对于两个最占用磁盘空间的应用程序，我们测量了在备份 VM上执行磁盘读取（如第 4.2 节所述）与通过日志记录通道发送磁盘读取数据相比，对于性能的影响。对于 Oracle Swingbench 来说，在备份 VM 上执行磁盘读取时的吞吐量降低约 4%；对于 MS-SQL DVD 存储，吞吐量约降低 1%。同时，Oracle Swingbench 的日志带宽从 12 Mbits/sec 降低到 3 Mbits/sec，MS-SQL DVD 存储从 18 Mbits/sec 降低到 8 Mbits/sec。显然，对于具有更大磁盘读取带宽的应用程序，带宽可能会节省很多。如第 4.2 节所述，预计在备份 VM 上执行磁盘读取时，性能可能会更差。但是，对于日志通道的带宽是有限的（例如，远程配置）情况下，在备份 VM 上执行磁盘读取可能有用。

5.2 Network Benchmarks

Networking benchmarks can be quite challenging for our system for a number of reasons. First, high-speed network- ing can have a very high interrupt rate, which requires the logging and replaying of asynchronous events at a very high rate. Second, benchmarks that receive packets at a high rate will cause a high rate of logging traﬃc, since all such packets must be sent to the backup via the logging channel. Third, benchmarks that send packets will be subject to the Output Rule, which delays the sending of network packets until the appropriate acknowledgment from the backup is received. This delay will increase the measured latency to a client. This delay could also decrease network bandwidth to a client, since network protocols (such as TCP) may have to decrease the network transmission rate as the round-trip latency increases.

出于多种原因。网络基准测试对我们的系统来说非常具有挑战性。

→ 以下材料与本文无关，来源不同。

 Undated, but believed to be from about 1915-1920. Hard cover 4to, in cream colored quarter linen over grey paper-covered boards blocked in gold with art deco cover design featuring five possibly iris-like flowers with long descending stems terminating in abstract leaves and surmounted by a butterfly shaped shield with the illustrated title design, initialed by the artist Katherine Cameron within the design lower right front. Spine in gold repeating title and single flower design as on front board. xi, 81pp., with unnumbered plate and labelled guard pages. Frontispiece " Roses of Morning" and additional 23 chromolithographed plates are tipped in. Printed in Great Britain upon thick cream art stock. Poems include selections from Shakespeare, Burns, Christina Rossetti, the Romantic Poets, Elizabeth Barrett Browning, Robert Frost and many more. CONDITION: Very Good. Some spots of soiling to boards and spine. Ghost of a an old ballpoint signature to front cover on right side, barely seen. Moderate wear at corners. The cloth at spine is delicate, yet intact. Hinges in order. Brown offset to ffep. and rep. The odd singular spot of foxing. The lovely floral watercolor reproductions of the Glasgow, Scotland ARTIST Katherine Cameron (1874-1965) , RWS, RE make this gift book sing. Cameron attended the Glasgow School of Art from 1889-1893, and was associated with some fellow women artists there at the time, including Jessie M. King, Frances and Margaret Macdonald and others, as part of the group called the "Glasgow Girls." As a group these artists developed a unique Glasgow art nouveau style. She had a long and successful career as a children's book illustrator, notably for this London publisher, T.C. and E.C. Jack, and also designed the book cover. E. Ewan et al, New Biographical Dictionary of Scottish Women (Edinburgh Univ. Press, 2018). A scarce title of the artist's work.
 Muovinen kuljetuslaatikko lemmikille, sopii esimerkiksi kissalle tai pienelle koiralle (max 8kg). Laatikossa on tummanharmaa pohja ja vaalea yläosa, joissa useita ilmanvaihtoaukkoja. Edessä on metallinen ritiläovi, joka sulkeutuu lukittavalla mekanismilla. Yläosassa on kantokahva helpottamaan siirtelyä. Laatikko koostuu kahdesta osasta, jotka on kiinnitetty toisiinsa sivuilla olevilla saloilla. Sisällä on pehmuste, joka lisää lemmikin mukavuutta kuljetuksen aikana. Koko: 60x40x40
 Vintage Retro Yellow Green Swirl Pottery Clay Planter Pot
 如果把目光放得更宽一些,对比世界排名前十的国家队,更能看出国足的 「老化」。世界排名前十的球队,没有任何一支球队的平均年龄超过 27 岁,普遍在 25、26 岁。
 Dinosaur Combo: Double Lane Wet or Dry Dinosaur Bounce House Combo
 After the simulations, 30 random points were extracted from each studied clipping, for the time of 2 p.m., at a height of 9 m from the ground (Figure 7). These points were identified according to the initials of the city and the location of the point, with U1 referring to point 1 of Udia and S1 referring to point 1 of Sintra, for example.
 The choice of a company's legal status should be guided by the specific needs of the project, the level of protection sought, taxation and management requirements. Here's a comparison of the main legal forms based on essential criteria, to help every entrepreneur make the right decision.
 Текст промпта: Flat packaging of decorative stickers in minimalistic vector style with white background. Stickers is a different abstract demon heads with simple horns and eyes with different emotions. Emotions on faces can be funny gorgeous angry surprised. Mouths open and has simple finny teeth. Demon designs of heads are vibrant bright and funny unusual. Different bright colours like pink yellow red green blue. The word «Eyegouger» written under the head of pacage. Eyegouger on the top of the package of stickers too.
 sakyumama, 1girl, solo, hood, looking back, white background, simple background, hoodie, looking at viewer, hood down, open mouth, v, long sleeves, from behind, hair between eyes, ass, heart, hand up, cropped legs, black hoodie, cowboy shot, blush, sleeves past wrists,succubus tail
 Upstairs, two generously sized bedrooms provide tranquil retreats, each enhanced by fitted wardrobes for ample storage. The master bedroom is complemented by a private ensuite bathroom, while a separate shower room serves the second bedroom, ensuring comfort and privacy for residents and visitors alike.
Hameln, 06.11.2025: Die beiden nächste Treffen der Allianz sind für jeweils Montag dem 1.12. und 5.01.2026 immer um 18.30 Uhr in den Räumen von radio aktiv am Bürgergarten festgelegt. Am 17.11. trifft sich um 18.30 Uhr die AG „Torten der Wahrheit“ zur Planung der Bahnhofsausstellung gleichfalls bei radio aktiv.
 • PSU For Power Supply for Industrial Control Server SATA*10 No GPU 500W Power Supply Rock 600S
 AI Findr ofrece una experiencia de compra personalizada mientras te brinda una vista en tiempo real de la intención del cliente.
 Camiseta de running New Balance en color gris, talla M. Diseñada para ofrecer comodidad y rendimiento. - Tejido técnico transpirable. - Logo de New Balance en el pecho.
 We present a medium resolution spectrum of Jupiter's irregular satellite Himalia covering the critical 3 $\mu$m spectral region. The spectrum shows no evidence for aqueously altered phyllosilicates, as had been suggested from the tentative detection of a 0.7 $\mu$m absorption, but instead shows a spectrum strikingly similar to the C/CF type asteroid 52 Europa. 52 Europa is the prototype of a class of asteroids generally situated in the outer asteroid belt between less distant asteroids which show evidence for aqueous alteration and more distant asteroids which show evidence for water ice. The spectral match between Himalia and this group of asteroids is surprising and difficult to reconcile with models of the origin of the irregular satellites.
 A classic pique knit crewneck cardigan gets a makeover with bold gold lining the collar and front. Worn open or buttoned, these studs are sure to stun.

第一，高速网络会有一个非常高的中断率，这需要以非常高的速度记录和重放异步事件。第二，以高速率接收数据包的基准将导致高速率的日志流量，因为所有这些数据包必须通过日志通道发送到备份。第三，发送数据包的基准测试将受制于输出规则，延迟网络数据包的发送直到已收到来自备份VM的确认。此延迟会增加对客户端测量的延迟。这种延迟还可能会降低到客户端的网络带宽，因为网络协议（如 TCP）由于往返延迟增加，可能不得不降低网络传输速率。

Table 2 gives our results for a number of measurements made by the standard netperf benchmark. In all these mea- surements, the client VM and primary VM are connected via a 1 Gbit/s network. The ﬁrst two rows give send and re- ceive performance when the primary and backup hosts are connected by a 1 Gbit/s logging channel. The third and fourth rows give the send and receive performance when the primary and backup servers are connected by a 10 Gbit/s logging channel, which not only has higher bandwidth, but also lower latency than the 1 Gbit/s network. As a rough measure, the ping time between hypervisors for the 1 Gbit/s connection is about 150 microseconds, while the ping time for a 10 Gbit/s connection is about 90 microseconds.

表 2 给出了我们通过标准的 netperf 基准测试，多次测量的结果。在所有这些测量中，客户端 VM 和主 VM 通过 1 Gbit/s 网络连接。前两行给出了主备主机间通过 1 Gbit/s 的日志通道连接时，发送和接收的性能。第三行和第四行给出当主备服务器通过 10 Gbit/s 的日志通道连接时，发送和接收的性能，不仅带宽更高，延迟也低于 1 Gbit/s。作为一个粗略的测量，在 1 Gbit/s 网络连接的管理程序之间， ping 时间约为 150 微秒，而对于 10 Gbit/s 连接，ping 时间大约需要 90 微秒。

When FT is not enabled, the primary VM can achieve close (940 Mbit/s) to the 1 Gbit/s line rate for transmits and receives. When FT is enabled for receive workloads, the logging bandwidth is very large, since all incoming network packets must be sent on the logging channel. The logging channel can therefore become a bottleneck, as shown for the results for the 1 Gbit/s logging network. The eﬀect is much less for the 10 Gbit/s logging network. When FT is enabled for transmit workloads, the data of the transmitted packets is not logged, but network interrupts must still be logged. The logging bandwidth is much lower, so the achievable net- work transmit bandwidths are higher than the network re- ceive bandwidths. Overall, we see that FT can limit network bandwidths signiﬁcantly at very high transmit and receive rates, but high absolute rates are still achievable.

未启用 FT 时，主 VM 对于接收和发送，可以实现接近 (940 Mbit/s) 1 Gbit/s 的线路传输速率。当为接收工作负载启用 FT 时，日志记录带宽非常大，因为所有传入的网络数据包必须在日志通道上发送。因此，日志记录通道可能成为瓶颈，正如 1 Gbit/s 日志网络的结果。对于 10 Gbit/s 的日志网络，影响则小了很多。当为上传工作负载启用 FT 时，上传数据包的数据不会记录，但仍必须记录网络中断。日志带宽要低得多，因此可实现的网络上传带宽高于网络接收带宽。总的来说，我们看到 FT 在非常高的上传和接收速率情况下，可以显著地限制网络带宽，但仍然可以实现很高的速率。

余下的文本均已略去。